How to complete this task: Go to the line that contains "철학자의 길 근처에 위치한". Restate that line and each one after it exactly, through the end of the records, without pictures.

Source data

-=-=-

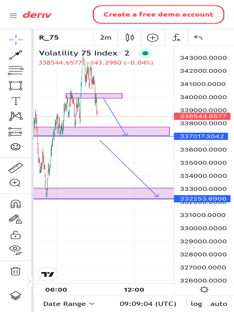 The document provides instructions to create a free demo account and displays market data for the Volatility 75 Index, including the current price of 338544.6577, a decrease of 143.2980 (-0.04%) from an earlier price. It allows selecting a date range and includes an option to log automatically.
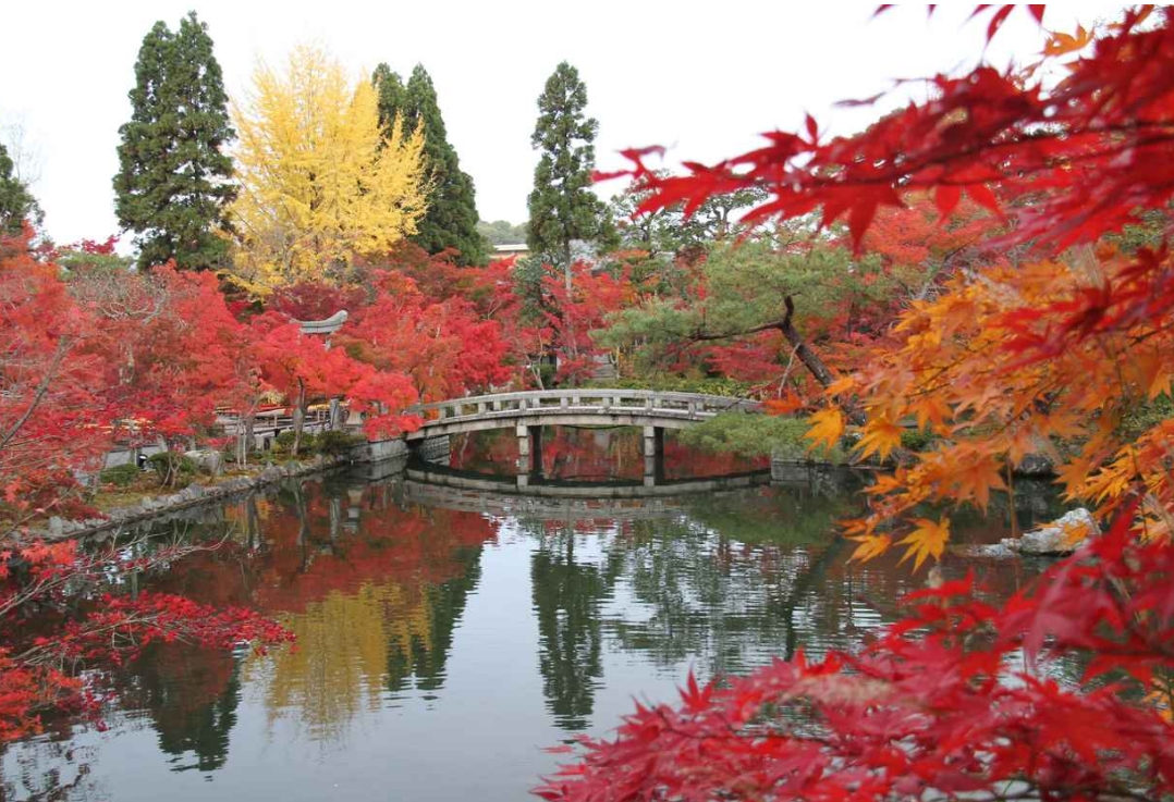 철학자의 길 근처에 위치한 에이칸도는 교토에서 가장 유명한 단풍 명소 중 하나로, 헤이안 시대부터 "모미지노 에이칸도"로 칭송받고 있습니다. 산기슭에 우뚝 솟은 타호 파고다(Taho Pagoda)와 함께 하는 가을 풍경은 시대를 불문하고 사람들을 매료시켰습니다. 고콘슈에서도 불렸던 '이와가키 모미지'는 지금도 사찰 경내의 동쪽에서 볼 수 있다고 합니다.
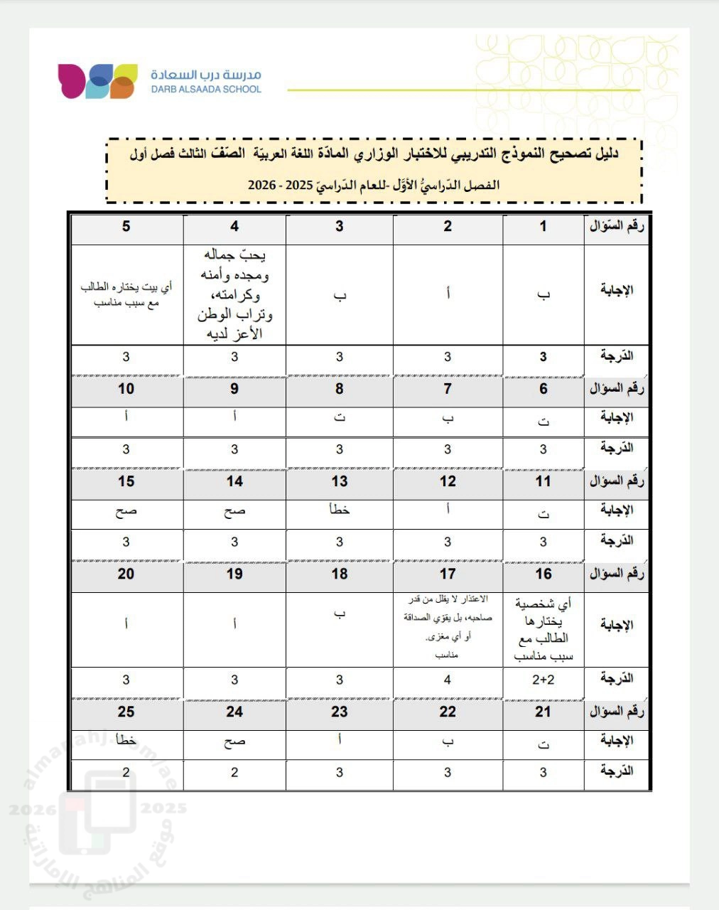 نموذج الأسئلة من الرابط التالي : https://almanahj.com/ae/id=36646 | ||
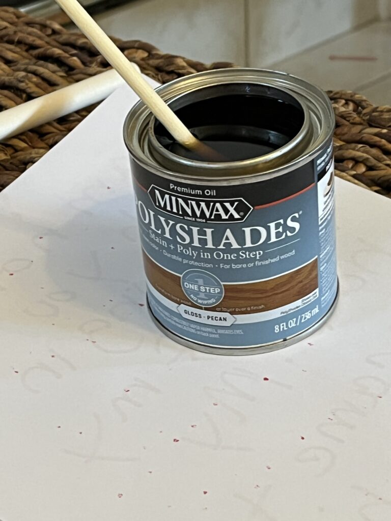 Years ago I touched up a beautiful stained wicker set with a polyshade and it came out great. I thought this trunk would be a perfect candidate for the same application so I picked it up at Home Depot. Even with generously dabbing the product so I had good coverage, I still had half a can left.Â
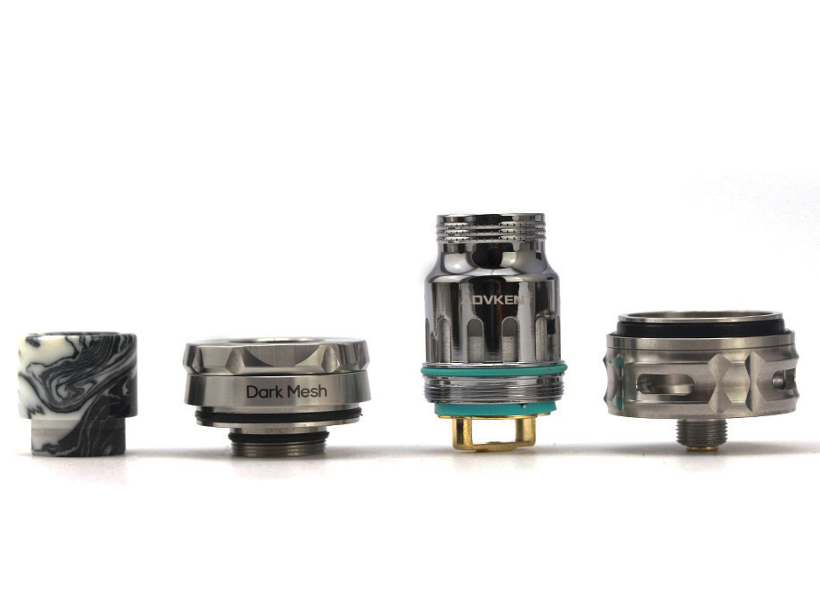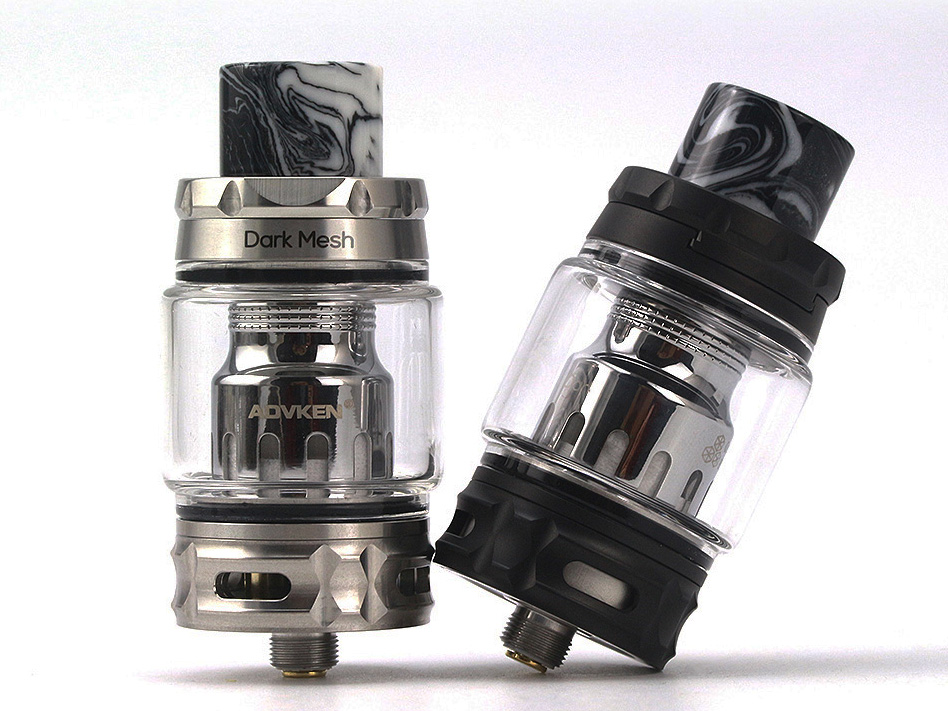 12 марта компания Advken представила на странице в фейсбуке девайс Dark Mesh Tank. Необслуживаемый бак реализовали в «традиционной» конструкции, без внутреннего купола. Выбирать предложили из двух вариантов окраса — полированного стального и матового чёрного. Гранёный топкеп снабдили сдвижным механизмом и увенчали контрастным «эпоксидным» дриптипом с 810-й посадкой. К основанию пристроили рельефное кольцо с четырьмя воздухозаборными отверстиями.

-=-=-

Response for this exercise:
 철학자의 길 근처에 위치한 에이칸도는 교토에서 가장 유명한 단풍 명소 중 하나로, 헤이안 시대부터 "모미지노 에이칸도"로 칭송받고 있습니다. 산기슭에 우뚝 솟은 타호 파고다(Taho Pagoda)와 함께 하는 가을 풍경은 시대를 불문하고 사람들을 매료시켰습니다. 고콘슈에서도 불렸던 '이와가키 모미지'는 지금도 사찰 경내의 동쪽에서 볼 수 있다고 합니다.
 نموذج الأسئلة من الرابط التالي : https://almanahj.com/ae/id=36646 | ||
 Years ago I touched up a beautiful stained wicker set with a polyshade and it came out great. I thought this trunk would be a perfect candidate for the same application so I picked it up at Home Depot. Even with generously dabbing the product so I had good coverage, I still had half a can left.Â
 12 марта компания Advken представила на странице в фейсбуке девайс Dark Mesh Tank. Необслуживаемый бак реализовали в «традиционной» конструкции, без внутреннего купола. Выбирать предложили из двух вариантов окраса — полированного стального и матового чёрного. Гранёный топкеп снабдили сдвижным механизмом и увенчали контрастным «эпоксидным» дриптипом с 810-й посадкой. К основанию пристроили рельефное кольцо с четырьмя воздухозаборными отверстиями.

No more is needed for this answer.